关于Glu-68在乙醇脱氢酶中的作用
On the role of Glu-68 in alcohol dehydrogenase.
作者信息
Ryde U
机构信息
Department of Theoretical Chemistry, University of Lund, Sweden.
出版信息
Protein Sci. 1995 Jun;4(6):1124-32. doi: 10.1002/pro.5560040611.
Abstract
Theoretical computations (molecular dynamics and combined quantum chemical and molecular mechanical geometry optimizations) have been performed on horse liver alcohol dehydrogenase. The results provide evidence that Glu-68, a highly conserved residue located 0.47 nm from the catalytic zinc ion, may intermittently coordinate to the zinc ion.
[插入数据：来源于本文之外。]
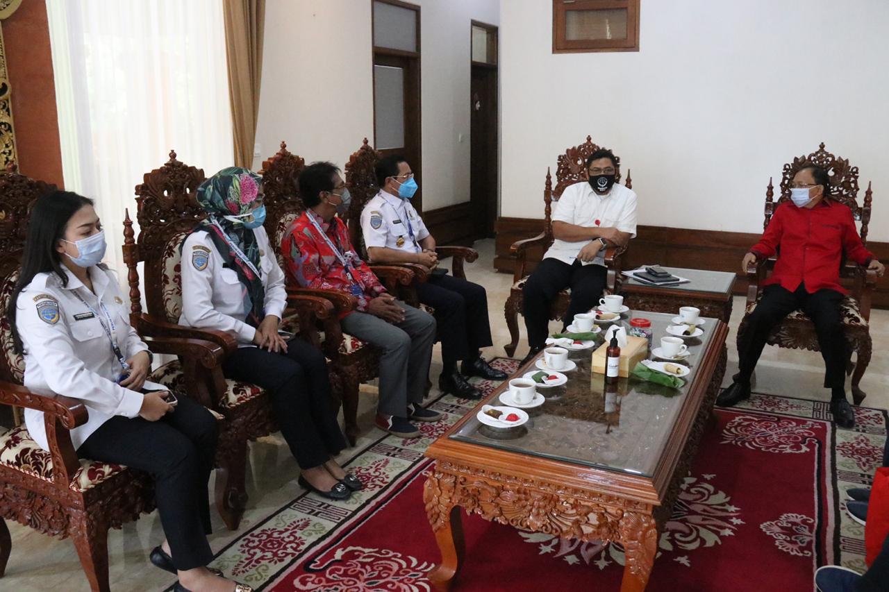 AUDIENSI – Gubernur Wayan Koster saat menerima audiensi Direktur Utama Perum Pengangkutan Penumpang Djakarta (PPD) Pande Putu Yasa, Rabu (4/11/2020).

Structures with Glu-68 coordinated to the zinc ion are almost as stable as structures with Glu-68 at the crystal position and the barrier between the two configurations of Glu-68 is so low that it can readily be bypassed at room temperature. There is a cavity behind the zinc ion that seems to be tailored to allow such coordination of Glu-68 to the zinc ion. It is suggested that Glu-68 may facilitate the exchange of ligands in the substrate site by coordinating to the zinc ion when the old ligand dissociates.
摘要
已对马肝醇脱氢酶进行了理论计算(分子动力学以及量子化学与分子力学相结合的几何优化)。结果表明,位于距催化锌离子0.47纳米处的高度保守残基Glu-68可能会间歇性地与锌离子配位。Glu-68与锌离子配位的结构几乎与晶体位置上Glu-68的结构一样稳定,并且Glu-68两种构型之间的势垒很低,以至于在室温下很容易越过。锌离子后方有一个腔,似乎是为了使Glu-68能与锌离子进行这样的配位而形成的。有人提出,当旧配体解离时,Glu-68可能通过与锌离子配位来促进底物位点中配体的交换。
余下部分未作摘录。